How does this relate to training?

As commenters have said on the forum, this is an excellent analysis and it also shows something that we have been doing at MVT – combining the best approaches, although so far I have not summarized it as well as Lee did above. Somewhere between the square range ‘tacticoolers’ and the ‘FM readers’ of the black boot army era, is what we have been doing at MVT, and what I have been attempting to describe when I tell people what my plan was when writing ‘Contact‘ and what we bring at MVT training.

Contact! A Tactical Manual for Post Collapse Survival

Where do the standing, close range, square range adherents go wrong? They are focusing on limited weapons manipulation and not taking account of Small Unit Tactics (SUT), fieldcraft, cover etc. They have taken (or instructors are only teaching) the improvements to weapons manipulation training that we see with the GWOT, and close quarters combat, and simply stuck with that.

Where do the ‘Old School Only’ guys go wrong? They are not taking account of the close combat and weapons manipulation improvements from the recent GWOT.

I have been saying this for a long time, only not as well as the post above. Well done Lee.

If you look at the MVT class list of realistic live fire training, you will see we have this covered:

Civilian Close Combat: square range weapons manipulation, including CQB, react to contact drills, and also use of/firing from cover, barricades, basic buddy pair fire and movement. Everything you need at a fundamental level to fight in and around your suburban neighborhood.

Combat Team Tactics: Individual weapons manipulation and react to contact drills, beginning with day 1 on the square range with combat rifle, then moving to two days on the tactical ranges for fire and movement and break contact up to team level, including a finale guided squad attack.

Combat Patrol: SUT at team and squad level covering the essentials of patrol operations: patrol base, movement, recce patrol, ambush patrol, security patrolling and raid. This is both a low tech and high tech class, aimed at those with or without night vision equipment, and allowing for both approaches.

Night Firing: NODF covers use of modern NVGs/Lasers and includes live firing drills on the square rage followed by a controlled night raid on an objective (scenario based).

Land Navigation: old school navigation techniques (orienteering based) covering low tech navigation. Take the patrol to the right place!

I have a somewhat nuanced comment on an element of the above post, however. It is concerning SUT and the GWOT. Lee states that a strength of the Old School is Company and platoon sized operations. Agreed. He also lists a strength of the GWOT as Small Unit Tactics. Somewhat disagree, with a nuance. Remember, the premise of Lees article is that we are dealing with ‘ordinary units’ not anything ‘special.’

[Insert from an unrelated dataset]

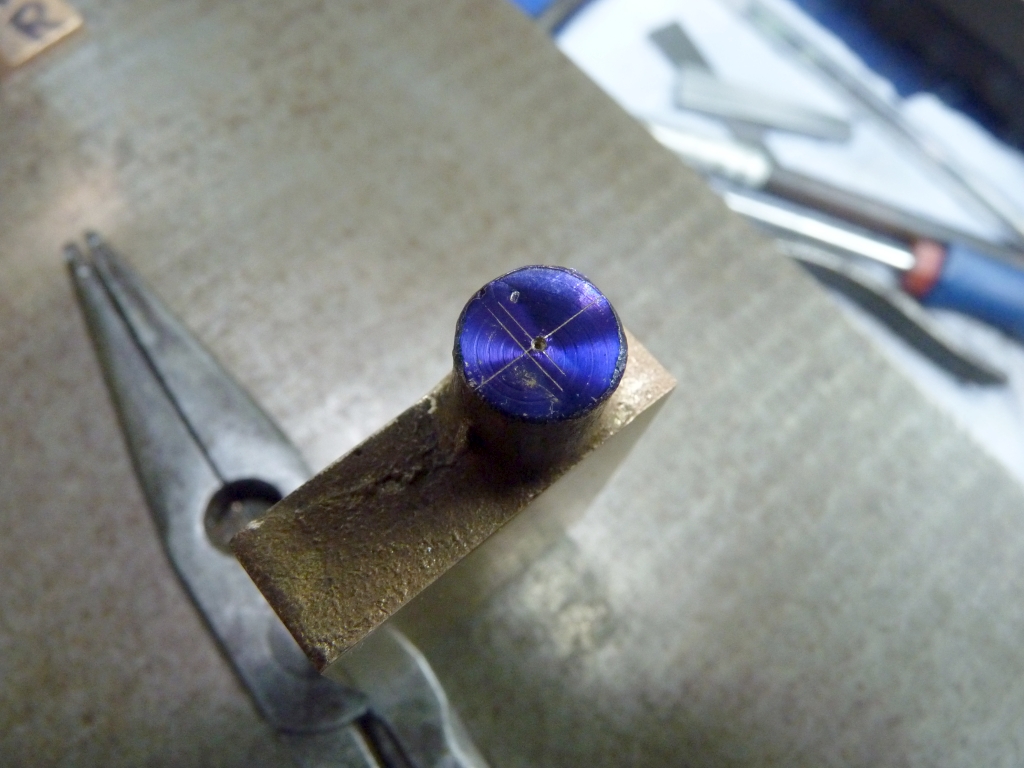 Prior to this I had printed out a drawing of each end of the cylinder showing the position of the ends of the passages relative to the centre of the bore so the next job was to centre the bore on the mill spindle using a DTI in the chuck. The bore appears slightly elliptical to the mill spindle due to the 7° angle but I just centred the x and y axis which was accurate enough. Using the DRO I could then find the exact position of the end of the passages ready for drilling. I first deeply spotted the passages with a 3mm spotting drill. The face of the cylinder is at a slight angle of course but the spotting drill is nice and stiff so wouldn't deflect.

Why do I have a nuanced disagreement with the Small Unit Tactics statement?

It is my opinion that although we have seen development of independent command down to lower levels as part of the GWOT, and we have the rise of what could be called the ‘strategic squad leader,’ there are some issues with this. I think the art of SUT has somewhat been lost during the GWOT, possibly due to FOB based operations and a lot of vehicle based operations. Also, due to the availability of close air support / support fires much of the time a lone squad / detached element under fire will not conduct SUT, but will ‘call for fire.’ And why not, of course? The point is not to conduct SUT for the sake of it. The point is to win.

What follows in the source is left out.